- _Assignment_
Your task is to restate every entry below word for word and omit the images.
# # # #
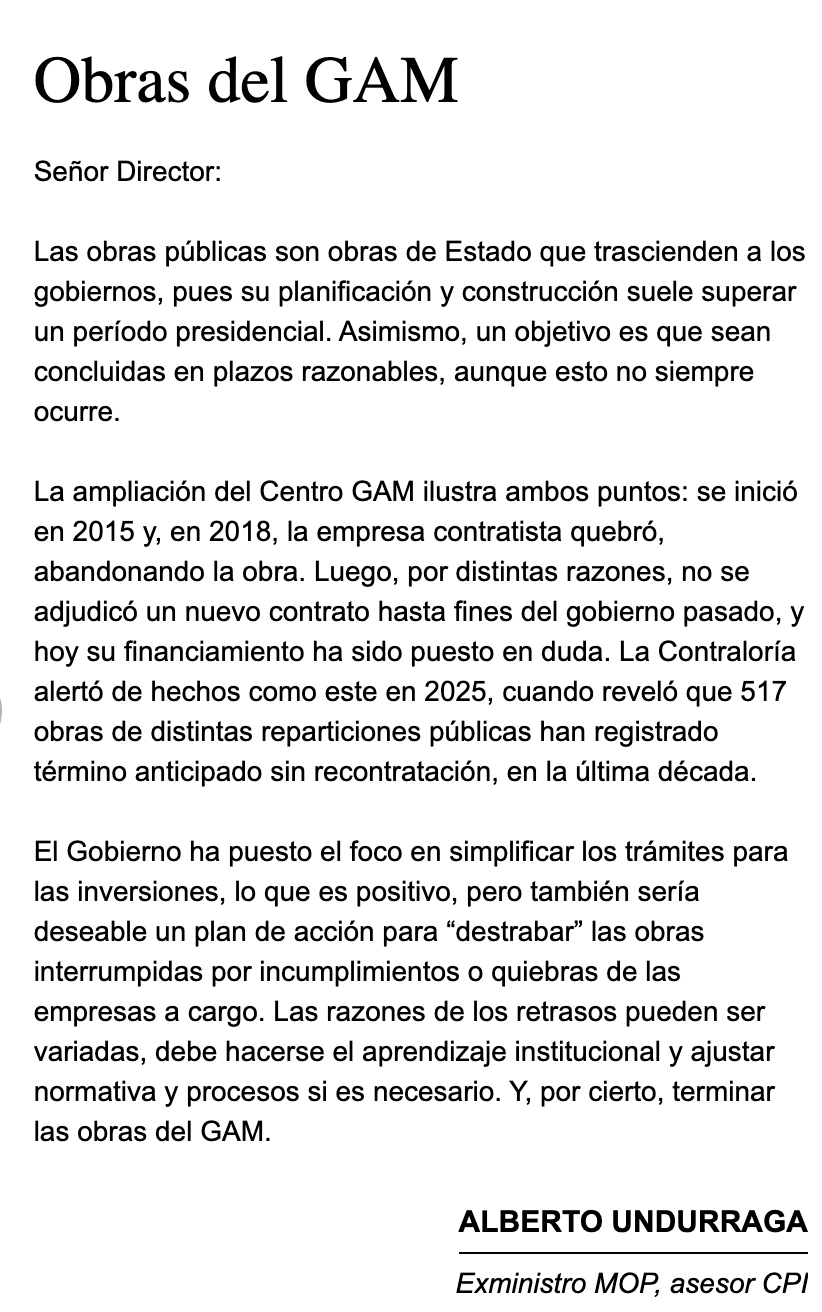 EL MERCURIO – Las obras públicas son obras del Estado que trascienden a los gobiernos, pues su planificación y construcción suele superar un período presidencial. Asimismo, un objetivo es que sean concluidas en plazos razonables, aunque esto no siempre ocurre
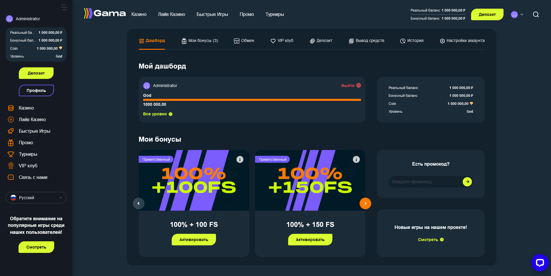 Вы сможете подключить партнёрскую программу для вашего казино с помощью специального модуля.
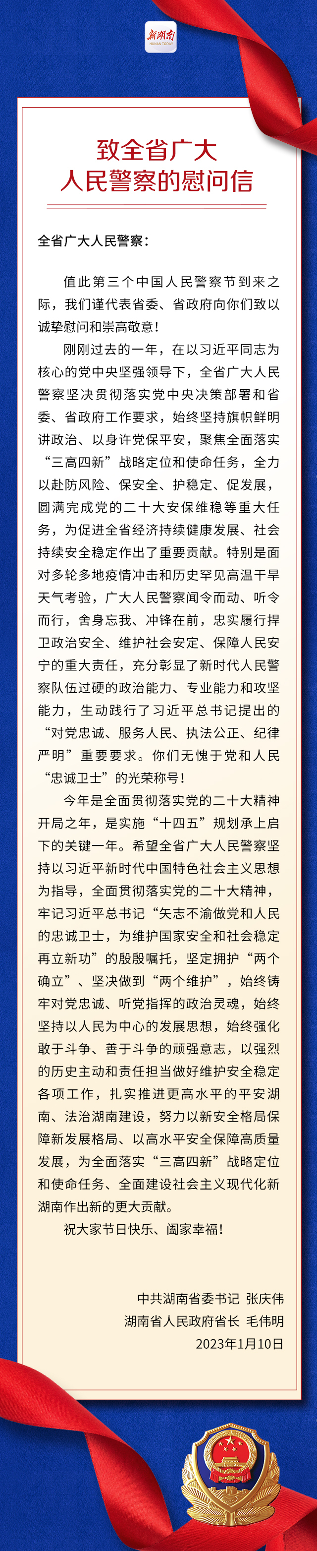 张庆伟、毛伟明致全省广大人民警察的慰问信
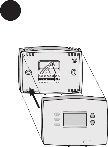 Remove wallplate from the new thermostat and mount
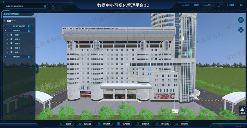 深圳計通3D可視化平臺:通過動態(tài)仿真和擬實環(huán)境的建立使用戶對虛擬機房或園區(qū)進行直感交互、實現(xiàn)優(yōu)化,可視化管理,以新穎的管理手段,大幅度提升數(shù)據(jù)中心機房的管理水平和效率,塑造全新機房監(jiān)控的形象。
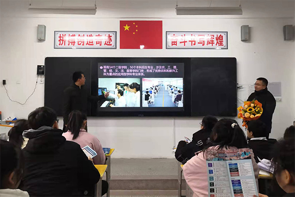 最后小组成员再次与老师沟通,最后在老师的同意下成功进入校园。在教室中小组成员通过PPT展示的形式向高三学弟学妹详细介绍了云博官方网站_云博(中国)股份有限公司,近几年招生情况,解答了学弟学妹们的相关问题。
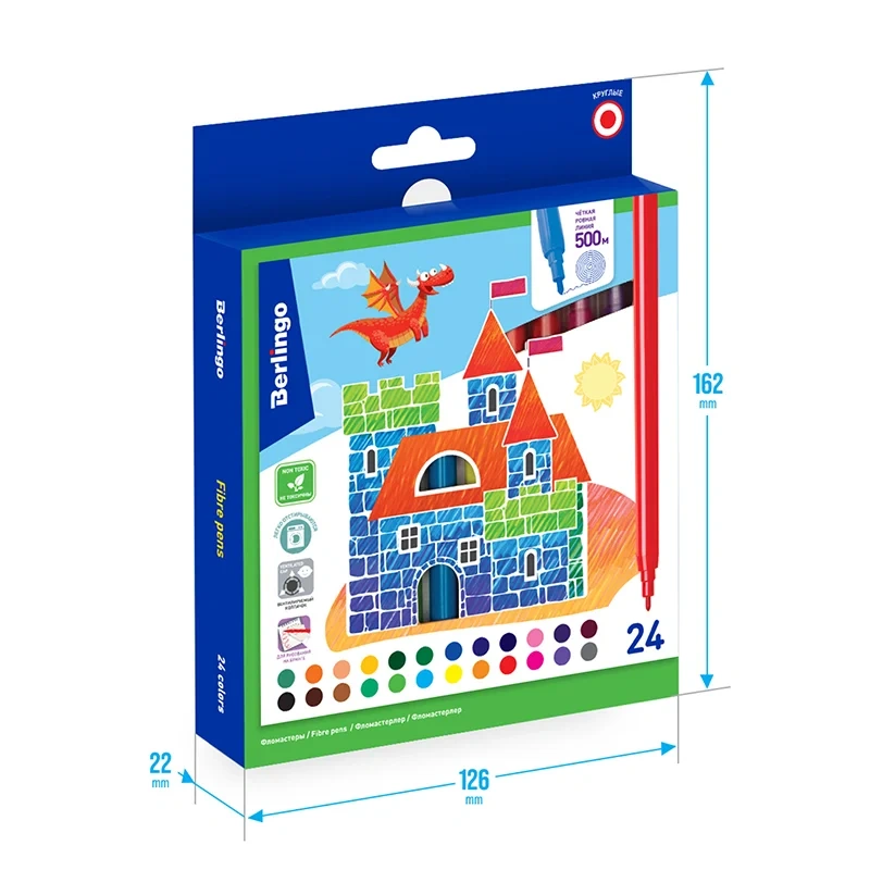 Фломастеры Berlingo серии «Замки» представлены с легкосмываемыми чернилами и вентилируемым прозрачным колпачком. Толщина линии письма составляет 2 мм, а длина линии письма - не менее 500 метров. В наборе 24 ярких цвета. Корпус круглой формы изготовлен из полипропилена и имеет удобную зону захвата. Тип наконечника – конический. Смываемые фломастеры на водной основе нетоксичны. Набор фломастеров упакован в лакированную картонную коробку с европодвесом.
# # # #
- _Exercise solution_
 EL MERCURIO – Las obras públicas son obras del Estado que trascienden a los gobiernos, pues su planificación y construcción suele superar un período presidencial. Asimismo, un objetivo es que sean concluidas en plazos razonables, aunque esto no siempre ocurre
 Вы сможете подключить партнёрскую программу для вашего казино с помощью специального модуля.
 张庆伟、毛伟明致全省广大人民警察的慰问信
 Remove wallplate from the new thermostat and mount
 深圳計通3D可視化平臺:通過動態(tài)仿真和擬實環(huán)境的建立使用戶對虛擬機房或園區(qū)進行直感交互、實現(xiàn)優(yōu)化,可視化管理,以新穎的管理手段,大幅度提升數(shù)據(jù)中心機房的管理水平和效率,塑造全新機房監(jiān)控的形象。
 最后小组成员再次与老师沟通,最后在老师的同意下成功进入校园。在教室中小组成员通过PPT展示的形式向高三学弟学妹详细介绍了云博官方网站_云博(中国)股份有限公司,近几年招生情况,解答了学弟学妹们的相关问题。
 Фломастеры Berlingo серии «Замки» представлены с легкосмываемыми чернилами и вентилируемым прозрачным колпачком. Толщина линии письма составляет 2 мм, а длина линии письма - не менее 500 метров. В наборе 24 ярких цвета. Корпус круглой формы изготовлен из полипропилена и имеет удобную зону захвата. Тип наконечника – конический. Смываемые фломастеры на водной основе нетоксичны. Набор фломастеров упакован в лакированную картонную коробку с европодвесом.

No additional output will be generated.